Третья стрела зацепилась за батарею. Бодрый, поплевав на ладони, ухватился за шнур и быстро, как мартышка, забрался в оконный проём. Помещение было пустым, если не считать старых поломанных стульев и парочки выцветших стендов.
Бодрый присел на корточки и замер. Откуда-то из коридора доносились непонятные звуки. Осторожно просунув кинжал в щель между дверным полотном и косяком, он по отражению на клинке убедился, что коридор пуст. Звуки явственно раздавались из кабинета напротив.
Стараясь не наступать на осколки битого стёкла, он на носочках прокрался к двери кабинета. Когда-то в двери этого помещения был замок, но сейчас вместо него зияла дыра, которая позволила рассмотреть, что в кабинете идёт самая настоящая драка. По пыльному паркету катались в обнимку молодой кавказец и белокурая девушка в легкомысленно коротком платье.
В процессе борьбы подол платья задрался вверх, и взору курсанта открылась очаровательная попка, перетянутая розовыми стрингами. Пока парень и девушка с переменным успехом пытались вырвать друг у друга пистолет, Бодрый, у которого шесть месяцев не было женщины, зачаровано глядел на восхитительную белокожую попку.
– Да, да! Я помню: надо спасти заложника! – сказал он сам себе, очнувшись от наваждения и, подкравшись, коротким натренированным ударом «вырубил» кавказца. Парень перестал сопротивляться и выронил пистолет. Девушка с облегчением вздохнула, подняла на него глаза и улыбнулась.
– Спасибо, мой герой! – произнесла она, пытаясь левой рукой прикрыть разорванное на груди платье.

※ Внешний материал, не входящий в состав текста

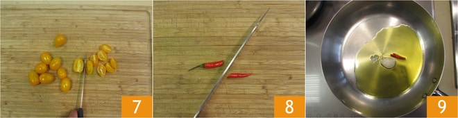 Lavez les tomates cerises, puis coupez-les en deux dans le sens de la longueur 7; mettez de côté. Pour la sauce : coupez le piment en deux 8, chauffez dans une grande poêle l'huile avec une gousse d'ail écrasée et une moitié de piment 9.
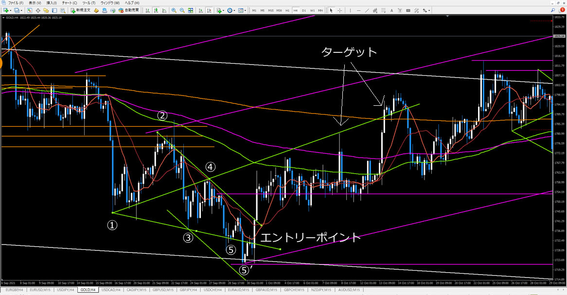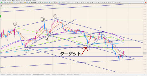 底値圏で上図のウェッジ完成後に①から④に引いた延長ラインに、⑤のポイントから反発上昇後にエントリーします。①④延長ラインが利確ポイントになります。
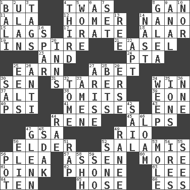 ACROSS 1. On the contrary 4. It was, poetically 8. Separate the seeds from cotton 11. Wing 12. Home run 14. Billionth: prefix 15. Falls behind 17. Feeling or showing extreme anger 18. Having or resembling wings 19. Heighten or intensify 21. Artist's stand 23. Added to 24. Parent Teacher Association (abbr.) 25. Merit 27. Collude with 30. Elected rep. 31. A viewer who gazes fixedly 34. Acquire through effort 37. Keyboard modifier key 38. Leaves out 39. Period of immesurable duration 40. 23rd letter of the Greek alphabet 41. Makes clutter 43. Compass dir. 44. French philosopher Descartes 45. High mountains 47. Girls' org. (abbr.) 49. River (Sp.) 50. A person who is older than you are 52. Deli grouping 56. Entreaty 57. NE Netherlands city 60. Greater amount 61. Pig sound 62. Give a jingle 63. Area sheltered from the wind 64. Nine, plus one 65. Flexible conduit 66. Curvy letter DOWN 1. Indonesian resort city 2. ____ Bator 3. Labels 4. One of three equal parts 5. Had on 6. Nursemaid (var.) 7. Arrange properly for use 8. An organ shaped like a helmet 9. Of or related to the anus 10. And not 13. To riddle 14. Political cartoonist Thomas 16. Coast Guard woman 20. Restaurants 22. Fitting 25. Snakelike fish 26. Against 27. Originate 28. Stakes 29. Celtic language 30. Plant excrement 32. Heavy book 33. So be it 34. Shed a tear 35. Charged atoms 36. Compass dir. 42. Travel by water 44. Actress Charlotte 46. Rich soil 47. American astronaut and politician John 48. Neighbor of Neb. 49. The wife of a rajah (variant) 50. Writer Wiesel 51. Strike 52. Elected reps. 53. Undercover agent 54. Angers 55. Observes 56. Plant holder 58. Quiet! 59. "Barney Miller" actor Jack
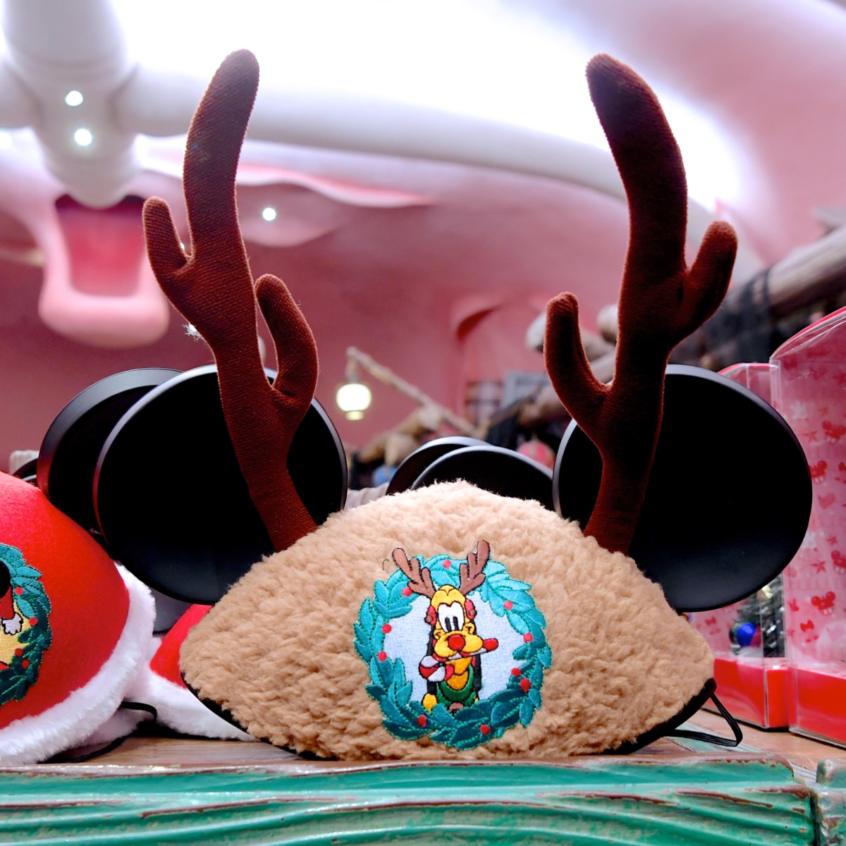 サンタミッキーのイヤーハットとお揃いでかぶりたいトナカイ風プルートのインパクト大なイヤーハットも発売!
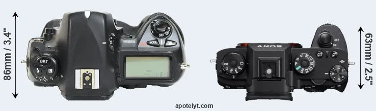 The physical size and weight of the Nikon D2H and the Sony A9 are illustrated in the side-by-side display below. The two cameras are presented according to their relative size. Three successive views from the front, the top, and the rear are shown. All size dimensions are rounded to the nearest millimeter.
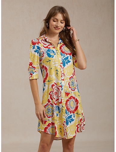 Per donna Mini Abito Abito Camicia Vestito Casual Abito Estivo Moda Quotidiano Vacanza Weekend Vestibilità regolare Floreale Manica Lunga Colletto a Camicia Blu blu acqua Rosa Verde scuro Estate

Бодрый, улыбнувшись в ответ, стыдливо отвёл глаза. В этот момент белокурая красавица правой рукой дотянулась до пистолета и выстрелила спасителю в лицо. Шарик с красной краской ударил в переносицу и забрызгал стёкла незапотевающих очков.
– Твою мать! – прошептал обескураженный курсант.
– Без обид! – сказала девушка-террорист и, похлопав его ладошкой по плечу, исчезла в дверном проёме.
– Курсант! Можете вернуться на исходную позицию, – прорезался в наушнике голос инструктора.
– Надо же так облажаться! – корил себя Бодрый. Горечь поражения скрашивало лишь то, что за все муки и страдания, перенесённые им в ходе четырёх безуспешных попыток спасения заложника, инструктор всё-таки поставил ему зачёт. Однако этот жизненный урок оставил в душе курсанта тяжёлый осадок. После этого случая Бодрый перестал доверять кому-либо. И ещё долго в каждой молодой женщине подсознательно искал черты белокурой девушки-террористки.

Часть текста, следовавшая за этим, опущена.